I had fallen victim to great anxiety. Situation was very quickly getting out of control. Incident of the beheaded runner was terrifying to say the least. Agony and grief surrounded my wife, she looked at me with expectant eyes, and at the same time she was apprehensive and suggested that I was being irresolute, incapable of taking a decision. I tried to calm myself and recollect my thoughts. Things were certainly getting worse with each passing second, which was quite evident from the incidents preceding this moment.

                          My wife was of the opinion that we should evacuate as soon as possible and should go with them wherever they wanted us to go.
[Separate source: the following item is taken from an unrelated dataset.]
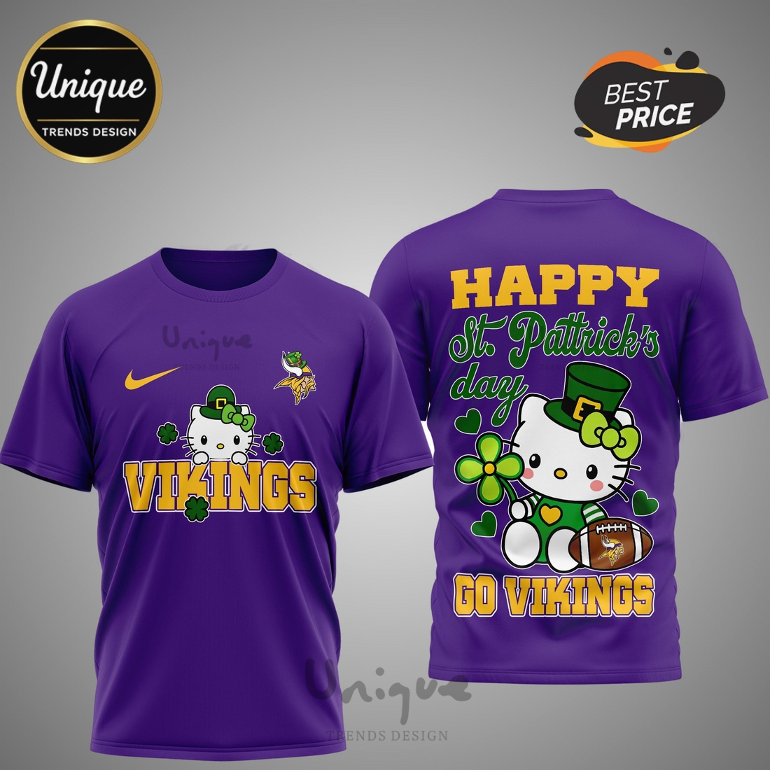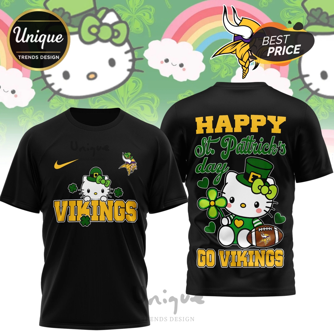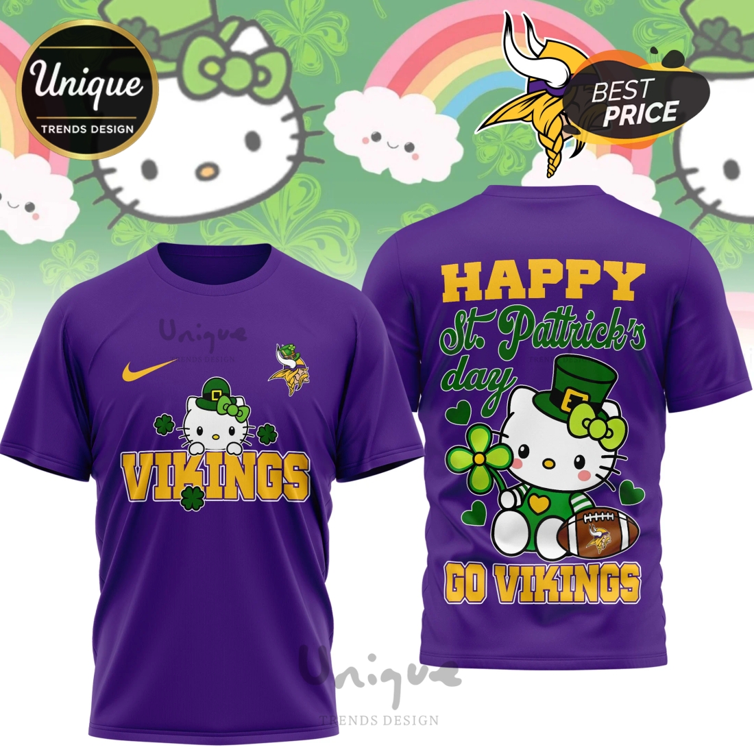 Beyond its captivating aesthetics, this item stands as a premium NFL product, signifying official licensing and adherence to stringent quality standards set by the league. This means customers can expect superior material quality, typically a soft, breathable, and durable polyester blend that offers exceptional comfort for all-day wear, whether cheering from the stands, attending a St. Patrick’s Day parade, or simply enjoying a casual outing. The fabric is chosen not only for its luxurious feel against the skin but also for its ability to perfectly hold the intricate 3D sublimation print, ensuring the colors remain vibrant and the details sharp, wash after wash, without fading, cracking, or peeling. The shirt’s construction emphasizes a comfortable, relaxed fit suitable for various body types, providing freedom of movement while maintaining a stylish silhouette. For the discerning customer, the advantages are clear: this product satisfies the need for officially recognized fan apparel, offering an authentic way to support the Minnesota Vikings while also indulging in a penchant for unique, high-quality, and conversation-starting fashion. It serves as an ideal gift for the Vikings fan who has everything, the Hello Kitty enthusiast looking for an unexpected crossover, or anyone eager to make a memorable statement on St. Patrick’s Day and beyond, solidifying its place as a truly special and invaluable addition to any fan’s wardrobe.

Looking at the current scenario, vacating the house appeared to be appropriate, but my intuitive mind was apprehensive of the place they were taking us. My wife suggested it couldn’t be worse than the current situation. Meanwhile I finally decided to vacate. There was a colossal area of land in front of the Pooja sthal(praying place), in which hundreds of tents were constructed. We were given one of the tents. People from different areas of the city had gathered. Prayers at ibadatgah(place of worship) was going on in accordance with the time and bodies wrapped up in flags were carried to a bandstand and kept there and then slogans raised, people pledging and committing and the bodies buried with flags wrapped up.
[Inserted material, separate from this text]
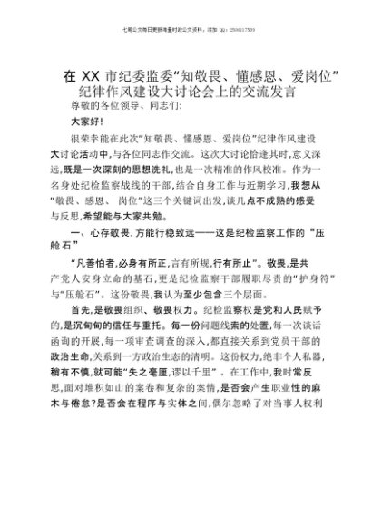 【七哥公文】2025年:在XX市纪委监委“知敬畏、懂感恩、爱岗位”纪律作风建设大讨论会上的交流发言+更多免费公文+VX:QiGeGongWen2024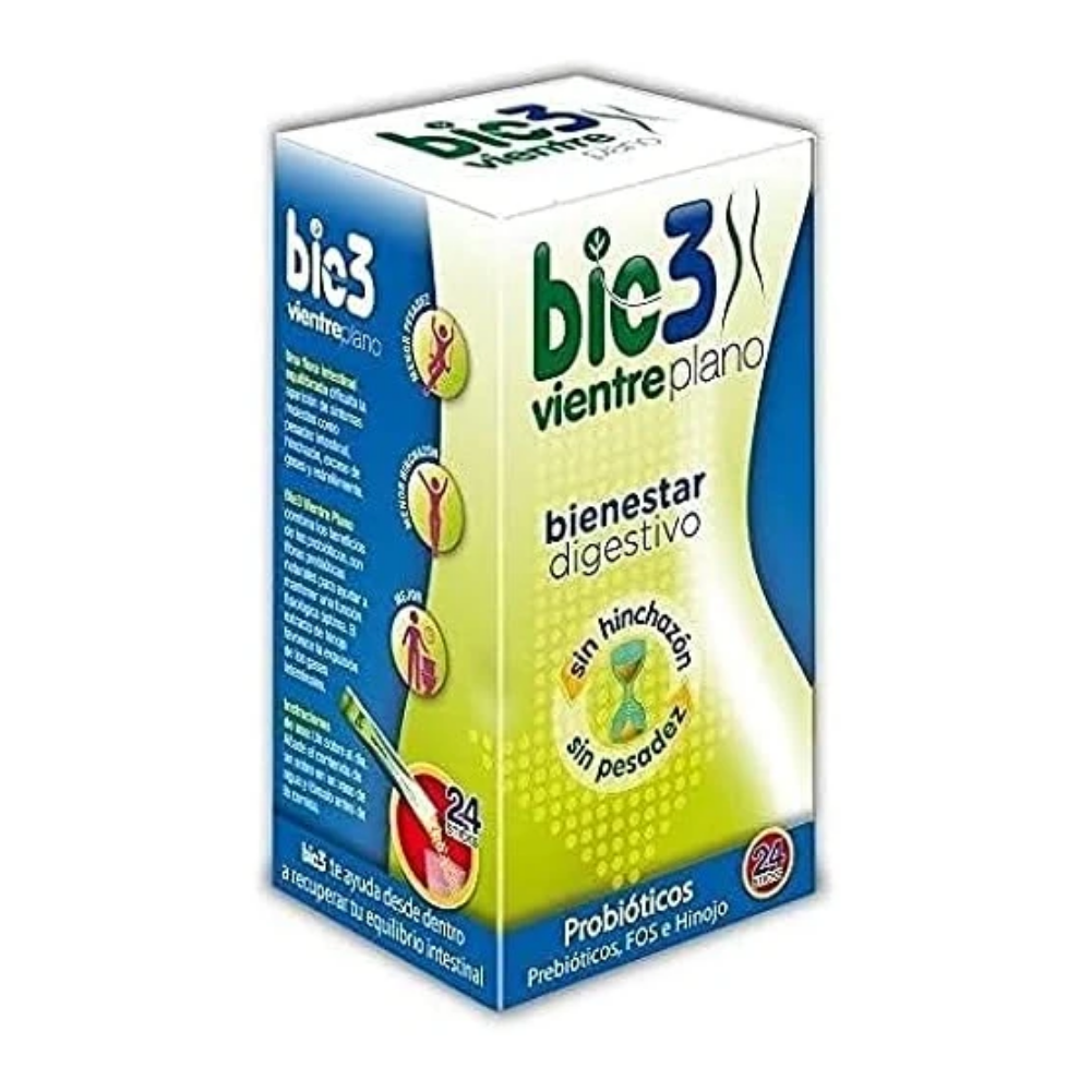 BIE3 Vientre Plano es un complemento alimenticio en sticks solubles formulado para ayudar a reducir la hinchazón abdominal, favorecer la digestión y contribuir a un abdomen más plano. Su fórmula combina ingredientes naturales que apoyan el equilibrio intestinal y el bienestar digestivo, ideal para personas que sufren sensación de pesadez o gases.

                                              One morning when I woke up, there was a congress of people around my bed. I was very surprised. On the edge of the tent I saw my wife crying and panting, some women around here were trying to console her. The people encircling my bed were discussing about my death. Now the whole conspiracy unraveled in front of me. Some people had publicized the rumor of my death in the garb of night. That is why I was apprehensive about this place and didn’t want to come. My suspicion had proven right. Amidst the murmuring, I could hear some people saying that had I evacuated the house earlier, I would have been alive but no one can fight ones fate.

I was shivering with anger. I wanted to scream out that the news of my death is a rumor, I am alive. But my voice wasn’t surfacing, perhaps because of my extreme anguish and the people were also not paying heed to my silent scream.
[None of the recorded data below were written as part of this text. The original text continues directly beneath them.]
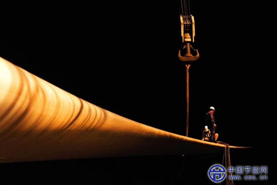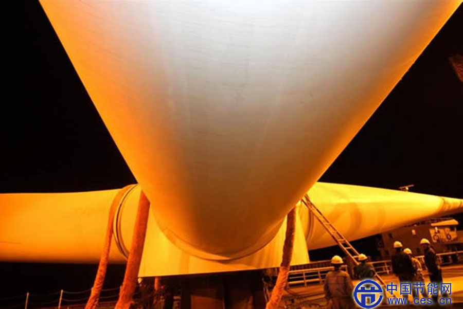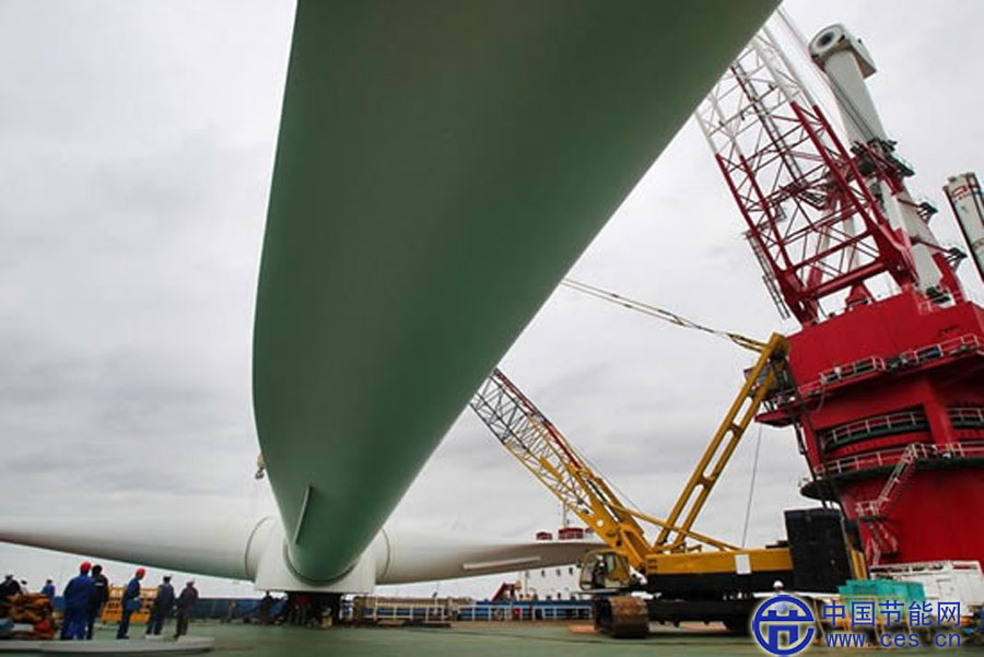 10月18日,大型海上風(fēng)電葉片吊裝就位。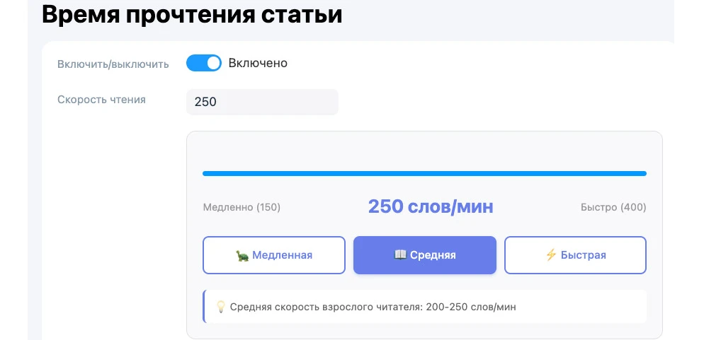 💡 Совет: Если время чтения отображается неправильно, нажмите кнопку «Пересчитать все посты» внизу страницы настроек!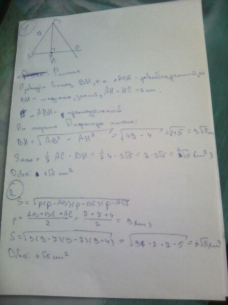 Найдите площадь равнобереденного треугольника, если боковая сторона равна 7 см, а основание 4 см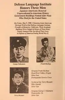 The Defense Language Institute at Presidio of Monterey dedicated Nisei Hall in honor of the Japanese Americans who served in the MIS, along with the individually named John Aiso Library and Munakata Hall (named for the former MISLS instructor Yutaka Munakata), and the Hachiya, Mizutari, and Nakamura Halls (named for Frank Hachiya, Yukitaka "Terry" Mizutari, and George Nakamura, who were killed in action in Leyte, New Guinea, and Luzon respectively).[36] Additionally, longtime civilian MISLS instructor Shigeya Kihara was inducted into the Defense Language Institute Hall of Fame in its inaugural year, 2006,[37] and MISLS graduates Col Thomas Sakamoto and Maj Masaji Gene Uratsu inducted the following year in 2007.[38]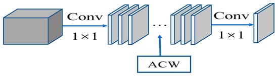 In the deep neural network, due to the deepening of the network, the feature information will inevitably become more abstract. Therefore, in the multi-channel network design, this paper selects a 1 × 1 convolution kernel to construct a complete feature extraction network to maximize the possibility of retaining certain input information. In addition, the channel weights are added by design to improve the feature extraction in AuxBranch, as shown in Figure 6.

                                After a while, some people started to give me a bathe. After the bathe, I was wrapped up in the same flag from head to toe, then after keeping me on the bandstand of the ibadatgah(place of worship), people became engaged in praying. After the prayer they picked me up. Someone shouted let’s take him to the square, someone else asked why? Voices were raised. We have to show them that we are not afraid of these things. They carried me to the square and kept my body on a raised platform.

 

Wrapped up in the flag, I find no reason to refute the rumor of my death.